$\mathbb{E}(\varphi(X, Y) | \mathcal{G}) = \mathbb{E}(\varphi(X, Y))$ What's the name for this proposition? Or alternatively what's happening?

If there isn't a name for this like Doob-Dynkin-Brown-Markov Tower Lemma / Theorem, then at least what's going on here so that I can describe this proposition in words?

(I guess the ff is in probability space $(\Omega, \mathcal F, \mathbb P)$.)

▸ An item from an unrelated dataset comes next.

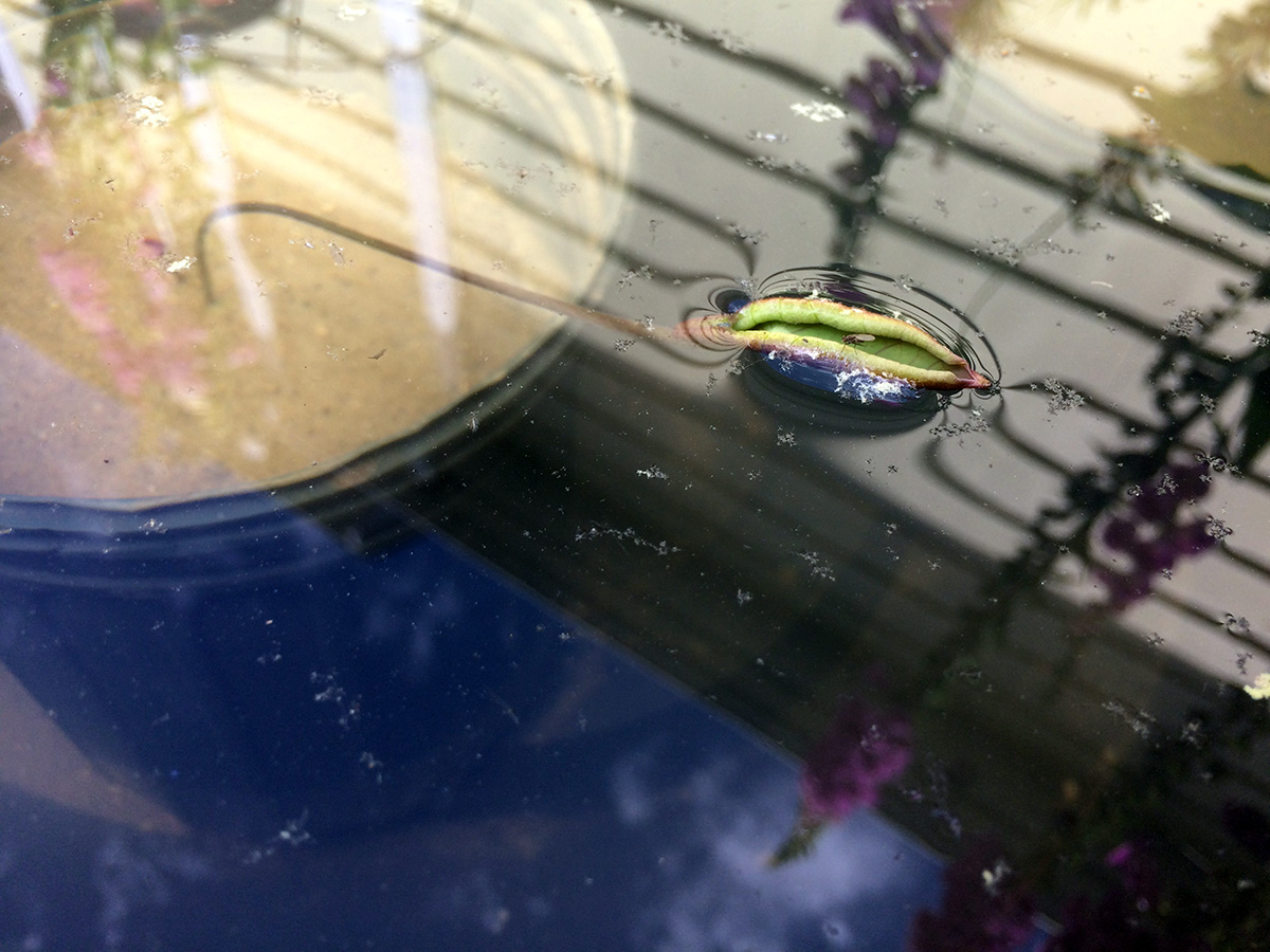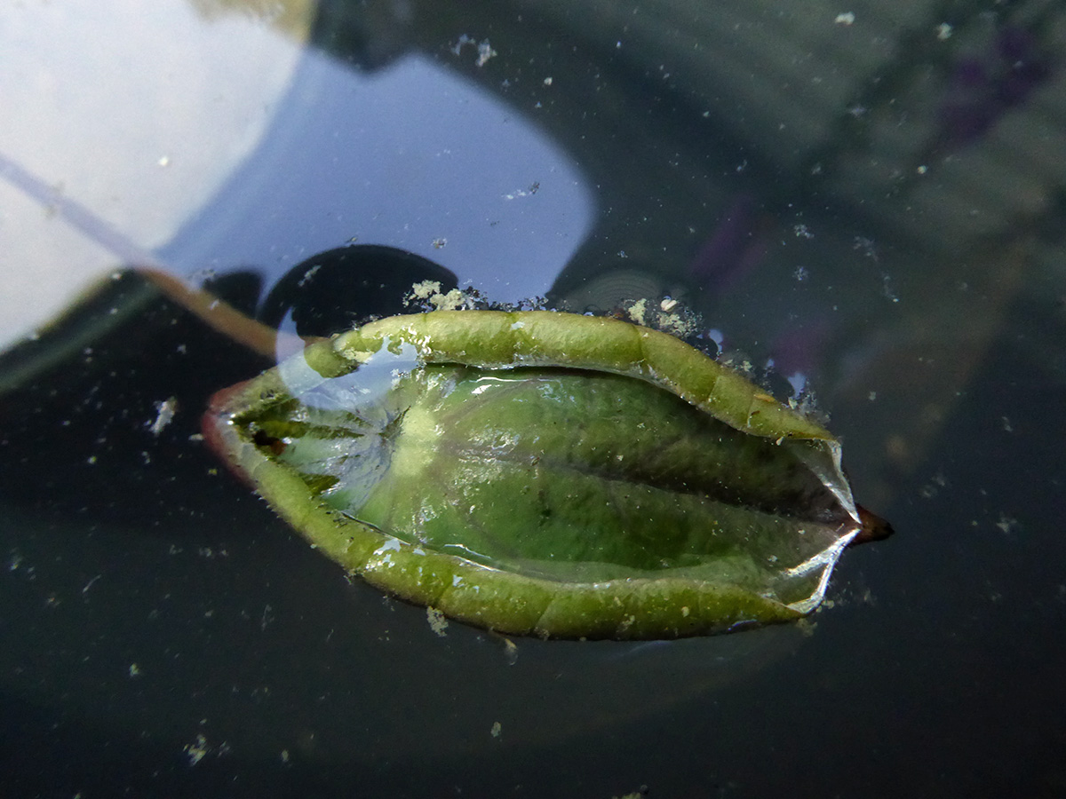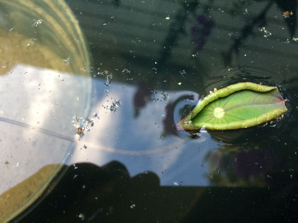 where the lotus barrel is now, behind the garage, it takes about 11:30am before it gets any sun, and lasts until 4:30pm or so. is it getting enough sunshine? none of that will matter since we're planning on relocating it to a spot between raised beds 2 and 3, directly facing south where it can get the maximum amount of daylight. the coin leaves are still closed, but the lotus with the longer stem was finally beginning to open up its leaf, slowly unfurling. hopefully by tomorrow it will be completely open.
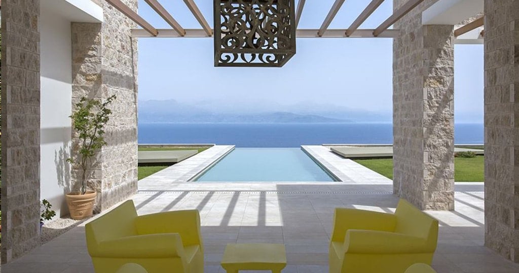 Το ίδιο μάρμαρο έχει επενδύσει γραμμικά την “πλατεία” πριν την είσοδο και το patio, ενώ στη συνέχεια εισχωρεί στην πισίνα καταλήγοντας σε καταρράκτη στο τελείωμα της προς το μέρος της θάλασσας.

Let $\mathcal{G}$ be a sub-$\sigma$-field of $\mathcal{F}, X, Y$ be two random variables such that $X$ is independent of $\mathcal{G}$ and $Y$ is $\mathcal{G}$-measurable, and let $\varphi: \mathbb{R}^2 \rightarrow \mathbb{R}$ be a Borel-measurable function such that $\mathbb{E}(|\varphi(X, Y)|)<$$+\infty$. Then$$\mathbb{E}(\varphi(X, Y) | \mathcal{G}) = \psi(Y) \quad \text { a.s., } \quad \text { where } \psi(y)=\mathbb{E}(\varphi(X, y)).$$

From here:

1. If $X$ is independent of $\mathcal{G}$ and $Y$ is $\mathcal{G}$-measurable, then $\mathbb{E}(\varphi(X, Y) | \mathcal{G}) = \mathbb{E}(\varphi(X, Y))$

2. Why is Borel measurability needed here?

3. Example 4.1.7 of Durrett PTE

Also I do recall it is in my class notes from before:

Edit 1 for searchability: It's called freezing lemma. I like to call this independence-stability generalisation.

Edit 2: Btw I'm not sure the remark (2) is right unless $X$& $Y$ are independent, in w/c case obviously you choose $\mathcal G = \sigma(Y)$.